6 Replies Latest reply on Dec 11, 2014 7:05 AM by bwallis42

    Very slow node delete in 2.8.1

    bwallis42

      Hi, we have a system in production using Modeshape 2.8.1 that has a little bug in it. It is creating new node trees for incoming data but the code to delete them when it has finished with the data was accidentally omitted from the system.

       

      We now have some thousands of SNS nodes at the top level (schema attached, top level node is inf:document) and it is taking many minutes to insert a new document. We have a utility program to try to delete the nodes but each delete is taking 30 minutes! We cannot delete the unused nodes as fast as new ones are being created.

       

      What I don't understand is why it is taking so long for each delete. There are only about 5-10 child or grandchild nodes under each top level node but we do have 10000 - 15000 top level nodes.

       

      Any suggestions how I can clean up this mess would be most appreciated!

       

      The code we are using to do the deletes work on the top level node, we get a list of the node IDs and then loop through them to remove each one

       

       List<NodeDTO> unusedDocuments = searchUnusedDocuments(repoAddress, repoName, username, password, limit);
       session = getJcrRepository(repoAddress, repoName)
                   .login(new SimpleCredentials(username, password.toCharArray()));
                  
       for(NodeDTO unusedDocument : unusedDocuments)
       {
           session.getNodeByIdentifier(unusedDocument.getIdentifier()).remove();    
       }
       session.save();
      
      

       

      Simple enough but very very slow. This code is running inside of a JBoss 6.1 appserver (old, not the EAP).

       

      thanks.

        • 1. Re: Very slow node delete in 2.8.1
          bwallis42

          Just noted this in the documentation:

           

          If a node with same-name siblings is removed, this decrements by one the indices of all the siblings with indices greater than that of the removed node. In other words, a removal compacts the array of same-name siblings and causes the minimal re-numbering required to maintain the original order but leave no gaps in the numbering.

           

          Would my deleting go somewhat faster if I started with the highest possible numbered node? i.e. the node where Node.getIndex() has the highest value?

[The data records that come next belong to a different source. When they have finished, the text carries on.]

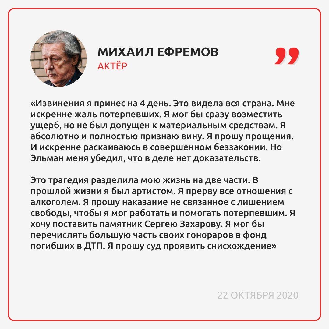 Михаил Ефремов выступил с последним словом во время апелляции приговора.
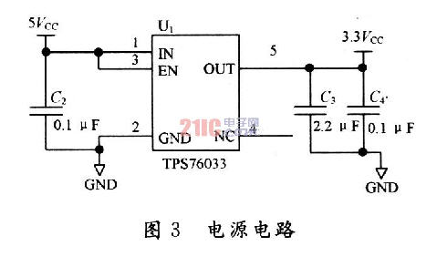 由于MSP430系列單片機的工作電壓一般是l.8~3.6 V,并且功耗極低,因此選用TI公司的TPS70633作為電源芯片。該電源芯片輸出為3.3 V,電流為50 mA,完全能滿足大多數低功耗應用場合的要求。圖3為具體電路,由圖3可以看出:該電路非常的簡單,只需要簡單的外圍器件。為了使輸出電源的紋波小,在輸出部分用了一個2.2μF和0.1μF的電容,另外在芯片的輸入端也放置一個2.2μF的濾波電容,進一步減小干擾。
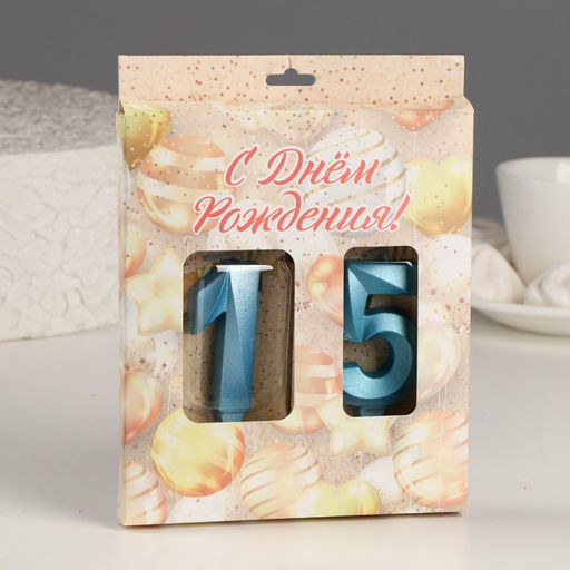 Свеча в торт юбилейная "Грань" (набор 2 в 1), цифра 15 / 51, голубой металлик, 6,5 см
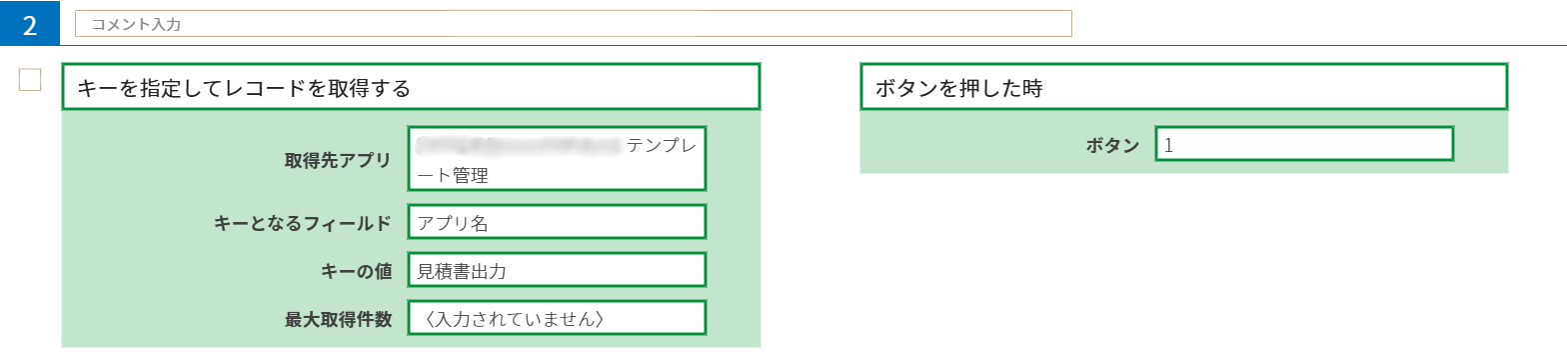 まず、詳細画面表示の際にボタンを設置し、押下した際にやること「キーを指定してレコードを取得する」を使用して、先ほど作成した御見積書テンプレートを登録したレコードを取得しておきます。
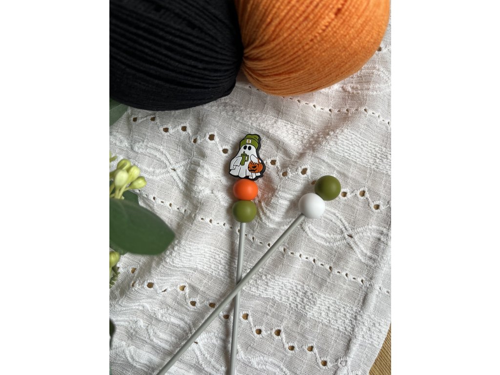 Ručně ozdobené kovové jehlice se silikonovými korálky. Vhodné na pletení i spojování háčkovaných nebo pletených výrobků.
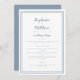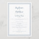 Simple, minimalist and elegant Wedding Menu features a contemporary design with a double frame border in dusty blue on a crisp white background. Traditional wording provides timeless yet modern sophistication. Personalize wedding design with your menu details in delicate dusty blue lettering and script. The back of the card matches in solid dusty blue.
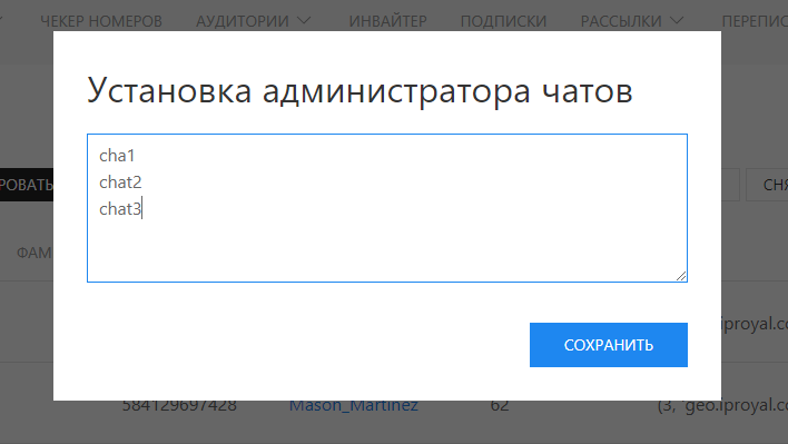 - Укажите чаты, в которых аккаунт является администратором и сохраните. Чаты должны быть указаны короткими именами, а не ссылками.
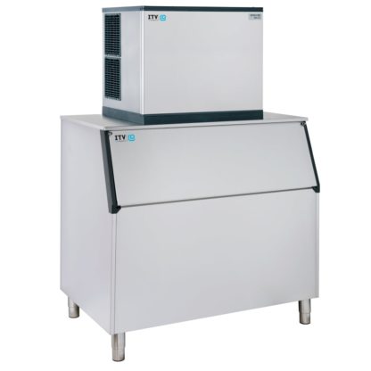 SPIKA Ice Maker with Storage Bin, modular, full Classic American ice cube-style, 30″ W, 962 lb. production/24 hr, 858 lbs. storage capacity, water-cooled, dual switch, 304 stainless steel construction, vertical plate evaporator, cETLus, NSF
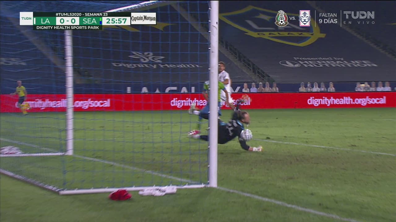 El delantero del cuadro de Los Ángeles culminó un contragolpe con un remate cruzado, que alcanzó a desviar el portero del Sounders.
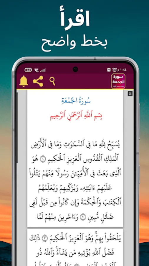 The application of Surat Al-Jumu’ah complete with the voice of all readers, reading and hearing is an audio and image application in which we present this surah written and audible

          • 2. Re: Very slow node delete in 2.8.1
            rhauch

            When possible, delete child nodes that are at the end of the list of children. For child nodes that have the same name (e.g., are same name siblings), deleting any node but the last SNS will be expensive, since all SNS following the removed node have to be updated.

             

            (This behavior in 3.x and 4.x is much improved, since SNS indexes are computed on the fly rather than managed.)

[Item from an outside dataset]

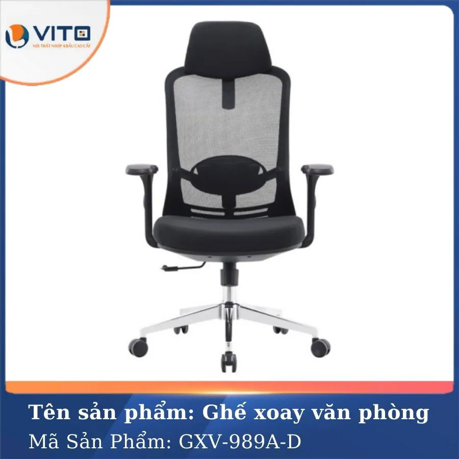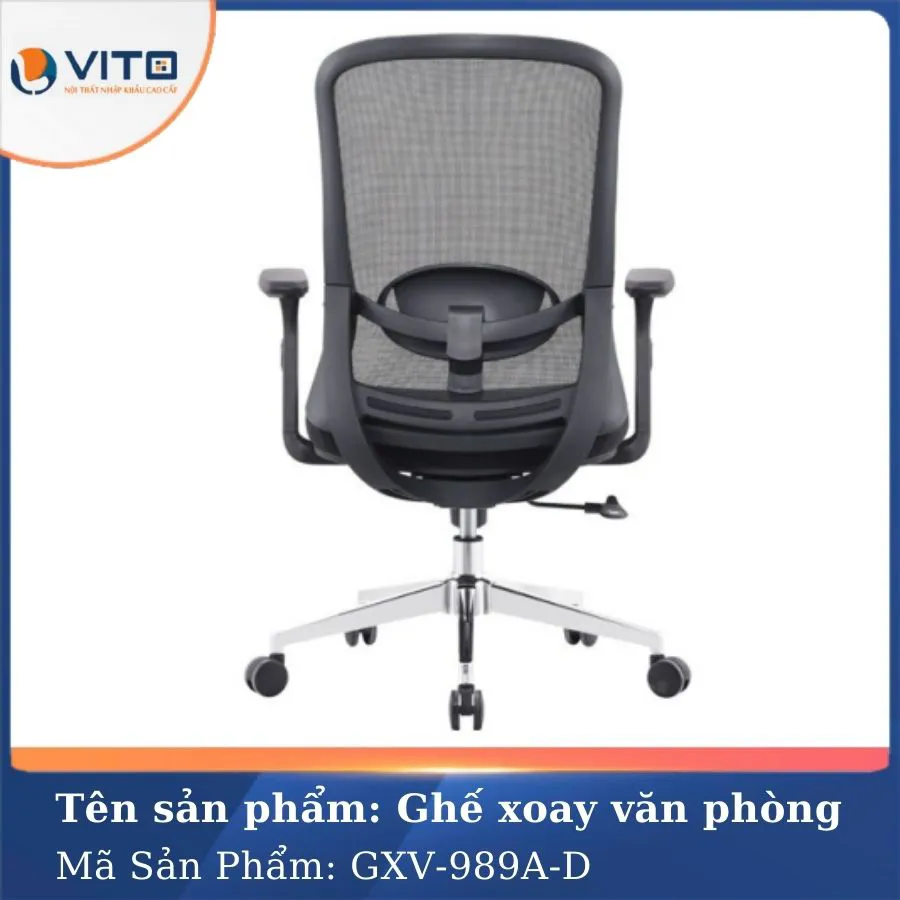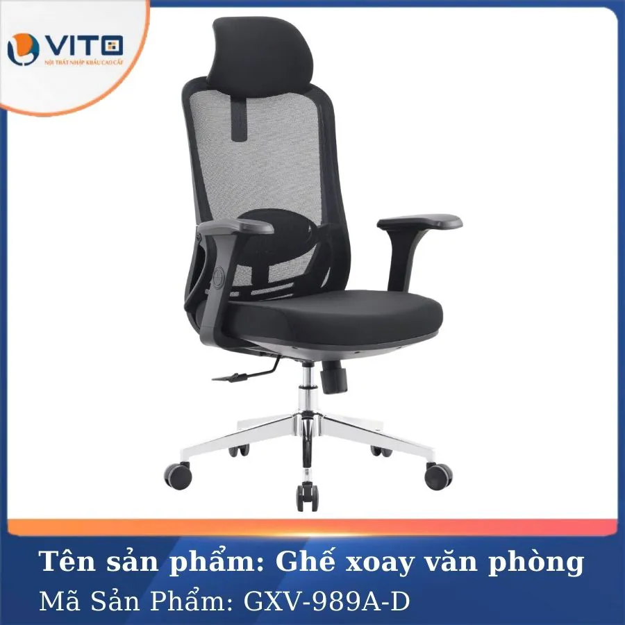 Trong thời đại mà hiệu suất làm việc ngày càng được coi trọng, một chiếc ghế văn phòng không chỉ đơn giản là nơi ngồi làm việc mà còn là người bạn đồng hành bảo vệ sức khỏe cột sống, hỗ trợ tư thế ngồi chuẩn, đồng thời mang lại sự thoải mái tối đa trong suốt ngày dài làm việc. Với mẫu ghế xoay văn phòng GXV-989A-D, Nội thất VITO đã mang đến một giải pháp hoàn hảo, kết hợp giữa thiết kế thông minh, chất liệu cao cấp và tính ứng dụng linh hoạt giúp nâng tầm không gian làm việc của bạn một cách toàn diện. Hãy cùng Vito khám phá chi tiết về chất lượng của mẫu ghế này ngay nhé!

            1 of 1 people found this helpful
            • 3. Re: Very slow node delete in 2.8.1
              bwallis42

              Thanks Randall for confirming what I suspected after reading the doco on the remove function. We will try re-ordering our delete operations.

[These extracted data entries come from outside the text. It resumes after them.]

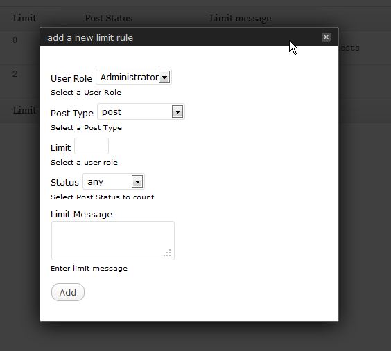Plugin ini dapat digunakan untuk membatasi jumlah posting yang dapat dibuat untuk tiap-tiap post type dengan menggunakan kriteria tertentu dan batasan waktu tertentu.
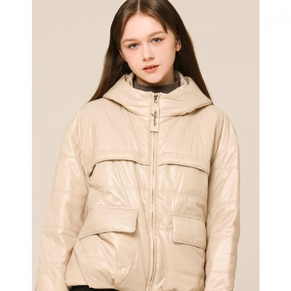 “This is a simple jumper featuring a double embroidered dog number detail on the pocket flap. The lightweight, heat-insulating sheen filling provides a comfortable fit, and the details add a natural accent to the style. It's a practical item suitable for everyday outerwear during the season.”
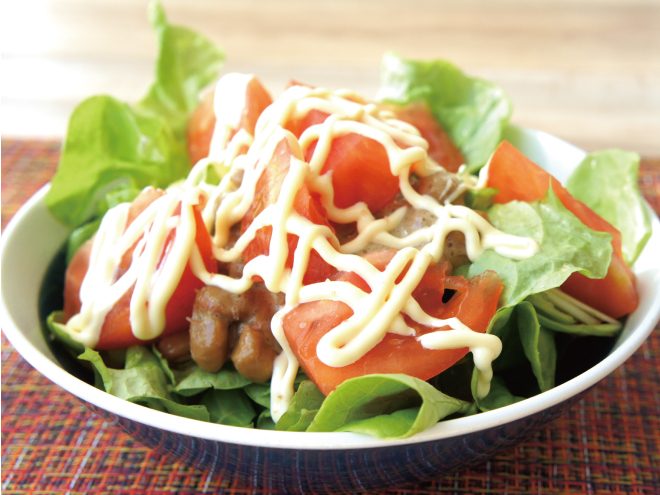 納豆(丹念納豆)、レタス、トマト、マヨネーズ、岩塩、ポン酢

              • 4. Re: Very slow node delete in 2.8.1
                bwallis42

                Is it possible to order the results of a query by the SNS index and descending? I've been reading about the queries in the JCR but cannot see how to do this since the index doesn't seem to be available as a property on the nodes.

                 

                thanks.

                • 5. Re: Very slow node delete in 2.8.1
                  rhauch

                  We expose the SNS index as a pseudocolumn, so at the moment there is no way to order by SNS index. However, you can order by 'jcr:name', as this pseudocolumn contains the local part and SNS index (if there is one).

                  • 6. Re: Very slow node delete in 2.8.1
                    bwallis42

                    We have successfully run our node deletions.

                     

                    We found that if we delete 100 nodes and then do a save() it only takes about 2-3 times longer than deleting one node and the time decreased as we deleted more. So we are down from something like 2800 nodes to about 150 and performance is back to normal.

                     

                    Deleting from the highest numbered node did not seem to help with the performance.

                    1 of 1 people found this helpful